Daha önceki zirvelerde her iki tarafın pazarlık sınırları oldukça genişti… Rusya bu noktada, Türkiye’nin cihatçıları İdlip’e gitmeye razı etmesi karşılığında, Türkiye’nin zaten Suriye denetiminde olmayan IŞİD ve YPG denetiminde olan toprakları işgal etmesine göz yumdu. Ancak gelinen noktada pazarlık sınırları oldukça daralmış durumda
Suriye’deki savaşa ilişkin Rusya ve İran ile yapılan beşinci zirve Ankara’da toplandı. Analizlere bakılırsa kafa karışıklığı oldukça yaygın. Önce şunu kısaca ekleyelim; Suriye savaşı emperyalist ve gerici bir savaştır, yani savaşın aktörleri, başta ABD, Rusya olmak üzere, hepsi de emperyalisttir ve savaştaki hedefleri gerici hedeflerdir. Yani demokrasi, özgürlük, bağımsızlık gibi hedefleri yoktur, tam aksine, Suriye’yi kimin, hangi emperyalist ülkenin denetleyip, sömüreceğinin savaşını vermekteler.
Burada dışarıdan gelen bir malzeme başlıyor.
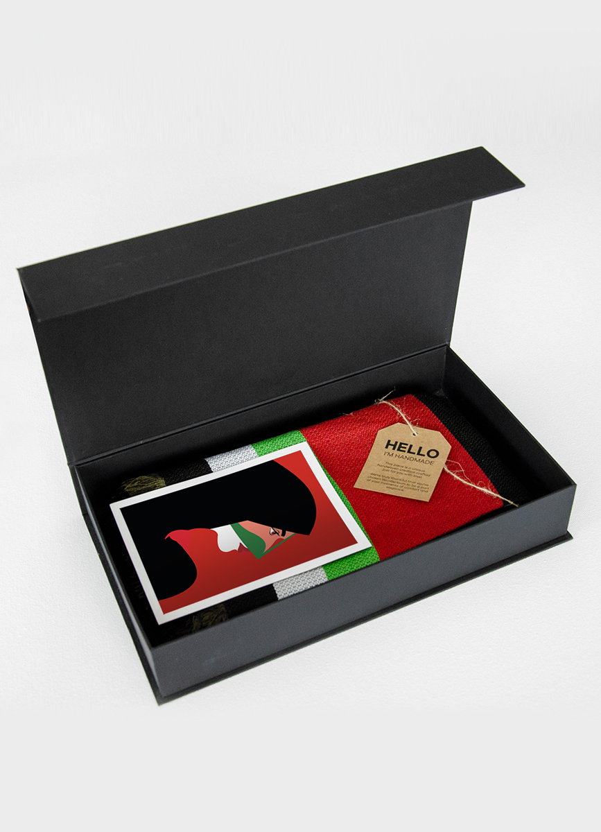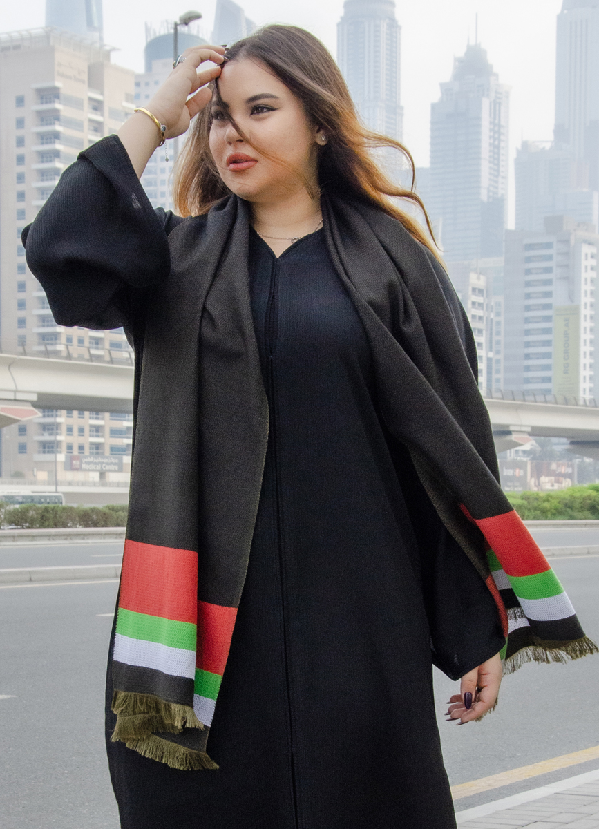 The “UAE Scarf Black Edition” is a handcrafted piece of timeless elegance, woven from a soft blend of silk and cotton. Designed to honor the nation’s spirit, it features the colors of the UAE flag, a symbol of unity, pride, and belonging. Each scarf is meticulously made on traditional looms, reflecting the finesse and precision of skilled artisans. Durable and unique, it carries the essence of authenticity that stands apart from commercial production. This limited-edition creation is made to be cherished and passed from generation to generation, a heartfelt tribute to craftsmanship, culture, and the enduring beauty of giving.
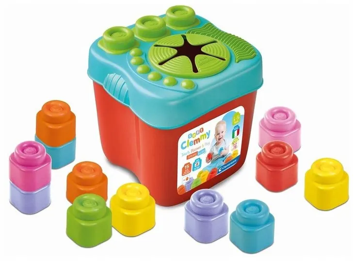 Nowe wiaderko Clemmy z miękką pokrywką, wyposażoną w zróżnicowane formy, struktury i połączenia zachęcające do zabawy 15 klockami dołączonymi do ękkie i kolorowe klocki pomagają dziecku rozwijać zręczność oraz percepcję dotykową i wzrokową. Zabawka jest wykończona nową pokrywką, klocki można ustawiać na połączeniach lub wkładać do wiaderka przez otwór w kształcie kwiatka. Clemmy doskonale wspomaga rozwój multisensoryczny ść i bezpieczeństwo świata Clemmy. Wyprodukowane we Włoszech.
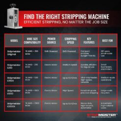- DRILL-POWERED WIRE STRIPPING: Got a hand drill at home? Pair it with the StripMeister original wire stripping machine, and you’ve got a powerful tool that can handle various types of wires, from 18 gauge to 250 MCM, including braided (stranded) wire. This wire stripper is your partner for practical and economical wire recycling.
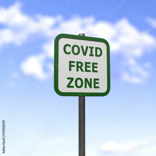 Covid free zone. Road sign for safe area. Coronavirus quarantine.
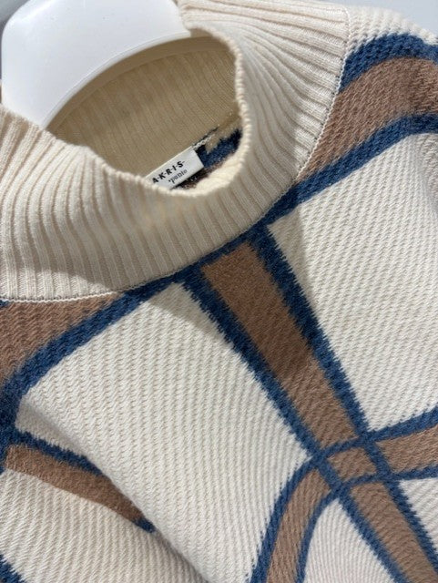 Sweater - Cream/Blue/Camel
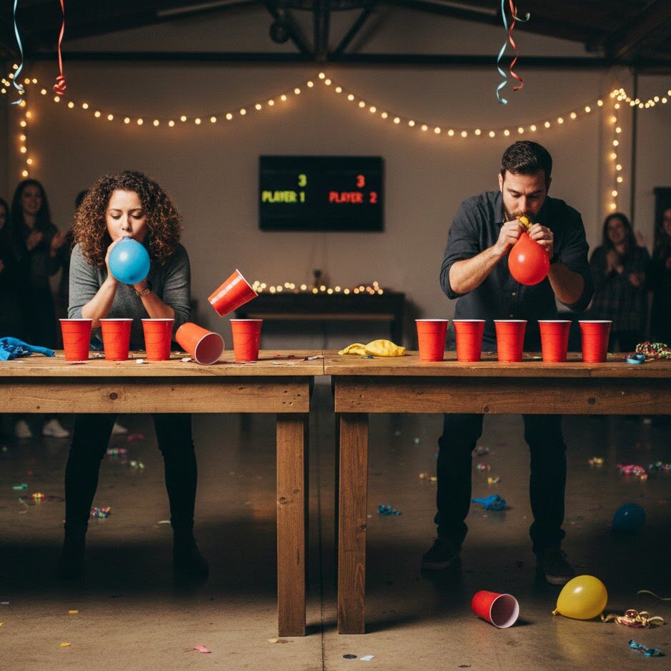 Para este juego necesitas 10 vasos de plástico -o los de tu preferencia- y dos globos. El objetivo es que dos personas tengan cinco vasos alineados y con el aire de un globo deberán tirar sus vasos por el borde de la mesa. Pueden inflar el globo cuantas veces sea necesario. Gana quien tire sus cinco vasos primero.
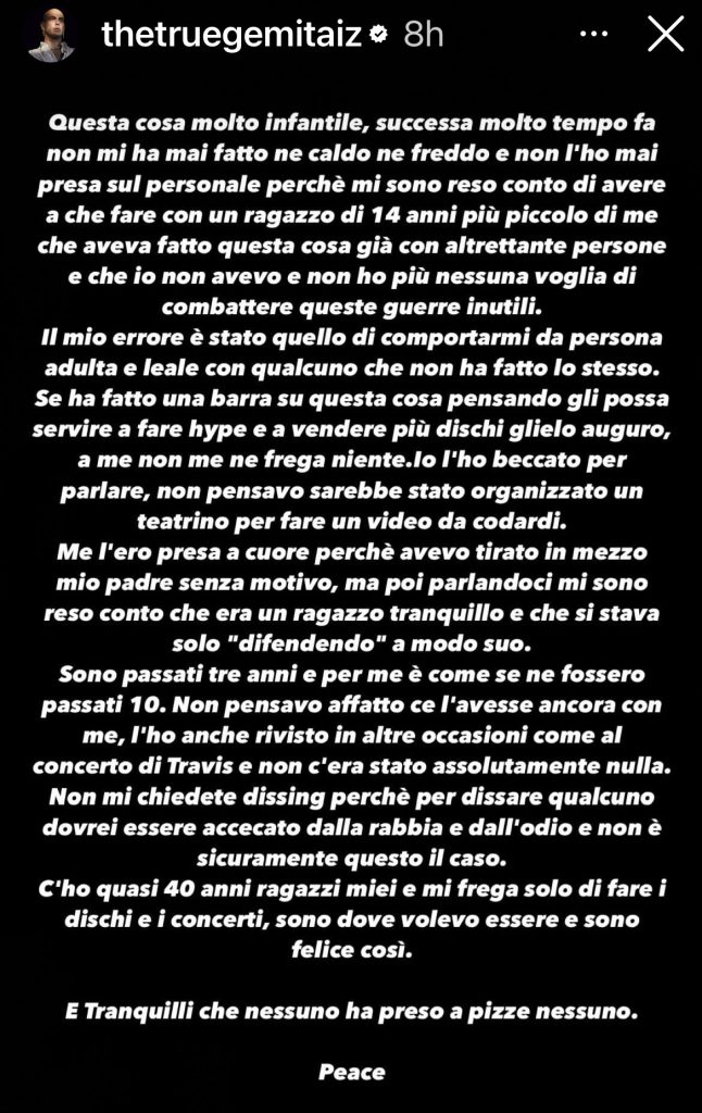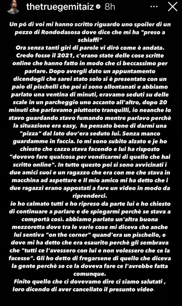 “Dopo 20 minuti che parlavamo piuttosto tranquilli, io neanche lo stavo guardando stavo fumando mentre parlavo perchè la situazione era easy, ha pensato bene di darmi una “pizza” dal lato dov’era seduto lui. Senza manco guardamme in faccia. lo mi sono subito alzato e je ho chiesto che cazzo stava facendo e lui ha risposto “dovevo fare qualcosa per vendicarmi di quello che hai scritto online”. In tutto questo poi si sono avvicinati i due amici suoi e un ragazzo che era con me che stava in macchina ad aspettare e Il mio amico mi ha detto che i due ragazzi erano appostati a fare un video in modo da riprenderci. Io ho calmato tutti e ho ripreso da parte lui e ho chiesto di continuare a parlare e de spiegarmi perchè se stava a comportà così. abbiamo parlato un’altra buona mezzoretta dove tra le varie cose mi diceva che anche lui sentiva “on the corner” quand’era un pischello, e dove mi ha detto che era esaurito perchè gli sembrava che “tutti ce l’avessero con lui e non volessero che ce la facesse”. Gli ho detto di fregarsene di quello che diceva la gente perchè se ce la doveva fare ce l’avrebbe fatta comunque. Finito quello che ci dovevamo dire ci siamo salutati, loro dicendo di aver cancellato il presunto video”. Ha spiegato Gemitaiz nelle sue IG stories.
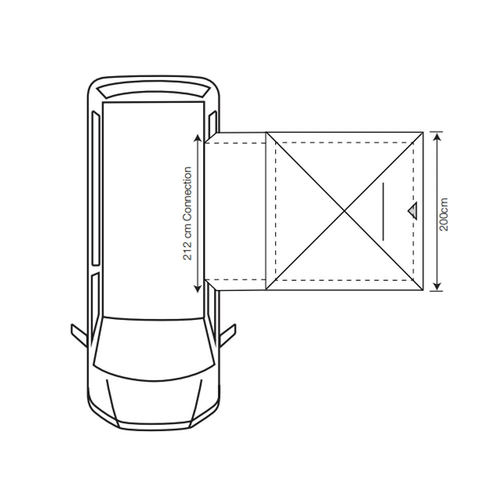 This bestselling lightweight pole-and-sleeve driveaway awning functions as a compact multi-purpose utility tent, which can be fixed alongside a campervan or motorhome and carries freestanding capabilities. A perfect addition to any touring arrangement, granting an indispensable extension of usable space, making it perfect for use as a dining, cooking, relaxation, storage, pets, toilet or shower area. Now available in 2 ergonomic cowl sizes to fit a vehicle rail height of up to 255cm, the Outhouse Handi is very simple to pitch using just 2 robust fibreglass poles. We have introduced crystal clear window panels and mesh ventilation points on both sides of the awning to maintain an airy internal space, and a separate peg-down groundsheet giving the option to remove if desired. Exterior zip-down storm covers help to ensure maximum protection against the elements throughout adverse weather conditions, whist roof ventilation points ensure airflow is maintained to reduce condensation. A stylish front canopy can be created using optional canopy poles (available separately), and the internal area can be illuminated in the evening using our optional Lumi-Link lighting system which velcros simply into place. Fixing Height 180cm – 210cm (Low) • 120HDE high density all-weather lightweight fabric
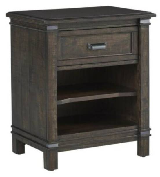 Elevate your room design with this Farmwood nightstand from American Woodcrafters. Shown in whiskey barrell finish. This beautifully crafted nightstand features one storage drawer and will surely make a statement in any room design.Read More
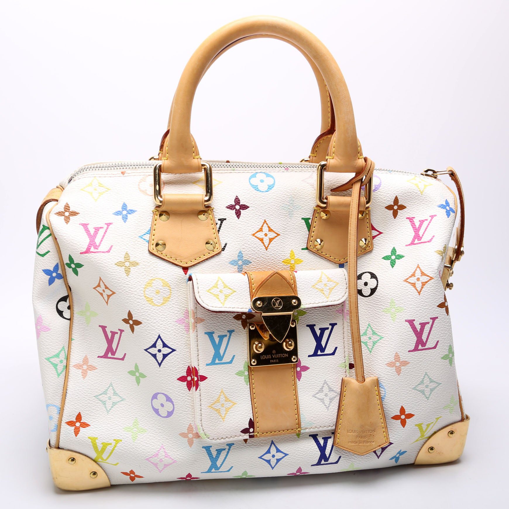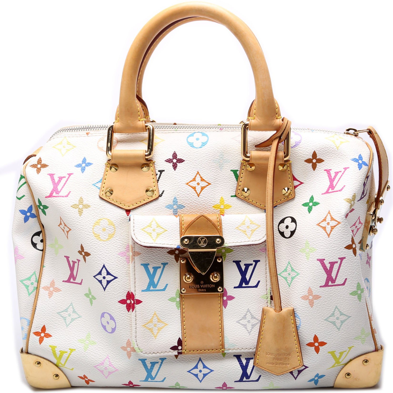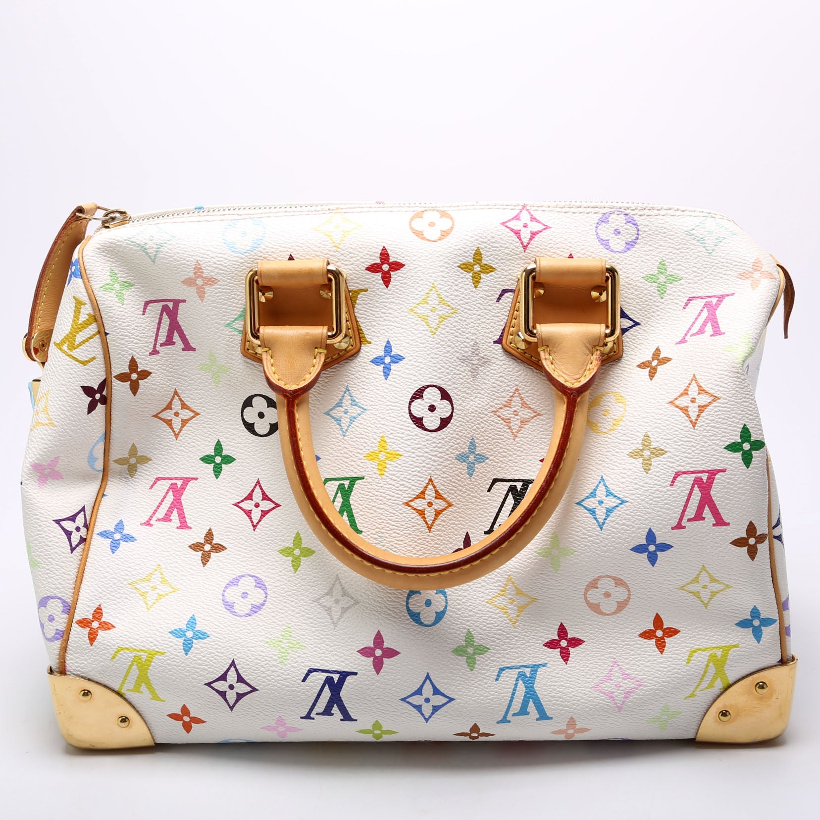 Louis Vuitton Speedy 30. The exterior is in the Louis Vuitton Multicolor Monogram coated canvas.Â

Türkiye’nin, Suriye macerasını meşrulaştırmak için kullandığı demogojik dili veri kabul ederek olguları anlamak mümkün değildir. Hükümet de bu dili, siz olguları anlayasınız değil kafanız iyice karışsın diye kullanıyor zaten. Analizlerinizi bu dile (ve Rusya, ABD vb. aktörlerin kullandığı demogojik dile) dayandırırsanız, Türkiye’yi bir gün Rusya’nın müttefiki, bir gün ABD’nin müttefiki sayan, en iyi ihtimalle Rusya ve ABD arasında bir denge politikası oynayan bir ülke olarak görürsünüz. Hâlbuki Türkiye Suriye’de Rusya ile düşman saflardadır, ABD’nin müttefikidir ve ABD politikaları gereği oradadır.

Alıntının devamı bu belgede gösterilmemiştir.